In an embodiment, a dielectric film 104 as described above may increase dielectric constant in a gate oxide enabling effective electrical gate oxide thinning without an increase in gate leakage, which may be advantageous for scaling in memory or logic applications. Combination of ZrO2 and HfO2 may also enable a dielectric 104 that is more amorphous than the pure films alone. A more amorphous dielectric film 104 structure may be desired because a crystalline dielectric may have leakage paths along crystal grain boundaries resulting in higher oxide leakage for a given thickness compared to an amorphous dielectric.

In an embodiment, a combination of ZrO2 and HfO2 wherein the ratio of Zr to Hf in the dielectric film 104 is about 6 atoms of Zr for every 1 atom of Hf provides a Jox or ToxE that is lower than for pure ZrO2 films, pure HfO2 films, or combinations of ZrO2 and HfO2 in different ratios.

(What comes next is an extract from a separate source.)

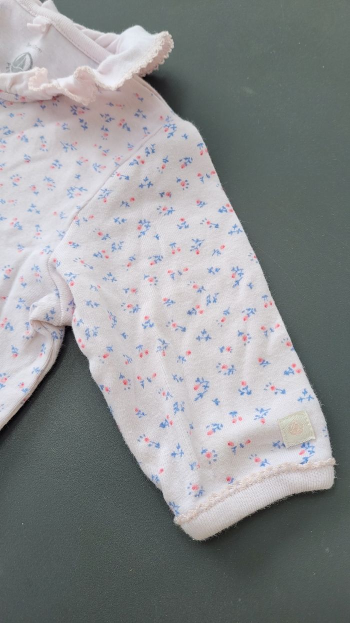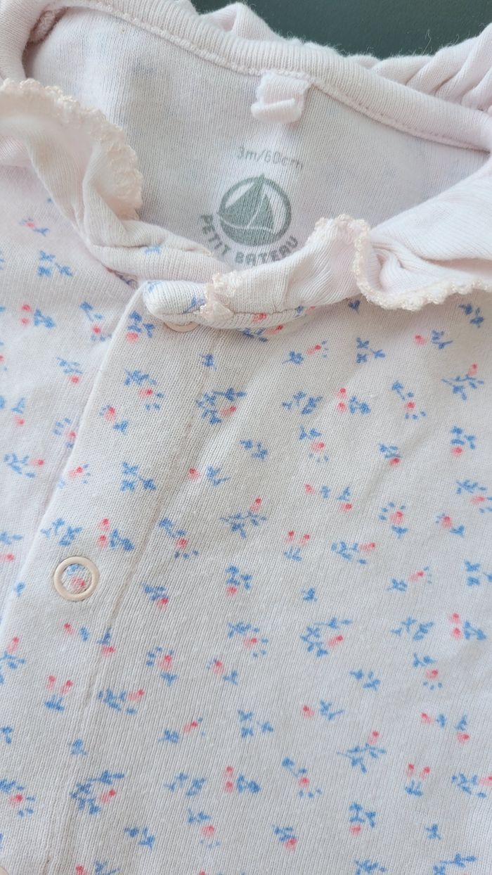 Pyjama 3mois petit bateau fleuri tout léger. Ouverture sur le devant. Très bon état.

In another embodiment, a dielectric film 104 having a ratio for ZrO2 and HfO2 of about 6 atoms of Zr for every 1 atom of Hf provides a higher dielectric constant k, and/or reduced current leakage over pure ZrO2 films, pure HfO2 films, or combinations of ZrO2 and HfO2 in different ratios.

A dielectric film 104 including HfO2 and ZrO2 may be deposited by a variety of suitable deposition techniques. In an embodiment, a dielectric film 104 is deposited using atomic layer deposition (ALD), physical vapor deposition (PVD), chemical vapor deposition (CVD), sputtering, or any suitable combination thereof. In an embodiment, a dielectric film 104 is deposited by ALD using 6 cycles of ZrO2 deposition for every 1 cycle of HfO2 deposition. Such deposition ratio may be repeated until a desired thickness is achieved. Such deposition can be accomplished in any order or simultaneously.

A cycle may refer to a series of actions associated with depositing a dielectric film 104. In a gas flow embodiment, a cycle includes applying a precursor gas (i.e.—ZrCl4) having a desired metal such as Zr or Hf to the substrate, purging the substrate surface with an inert gas, oxidizing the Zr or Hf on the substrate, and purging the substrate surface again with an inert gas. In an embodiment, purging with an inert gas is accomplished using nitrogen. In another embodiment, oxidizing the Zr or Hf is accomplished using steam.

In another embodiment, Zr and/or Hf precursors are flowed at the same time, but in different flow ratios to achieve a desired ratio in the film such as about 6 Zr atoms for every 1 Hf atom. In another embodiment, the precursors are compatible (i.e.—ZrCl4 and HfCl4) such that they may co-flow, which may save recipe time and increase throughput.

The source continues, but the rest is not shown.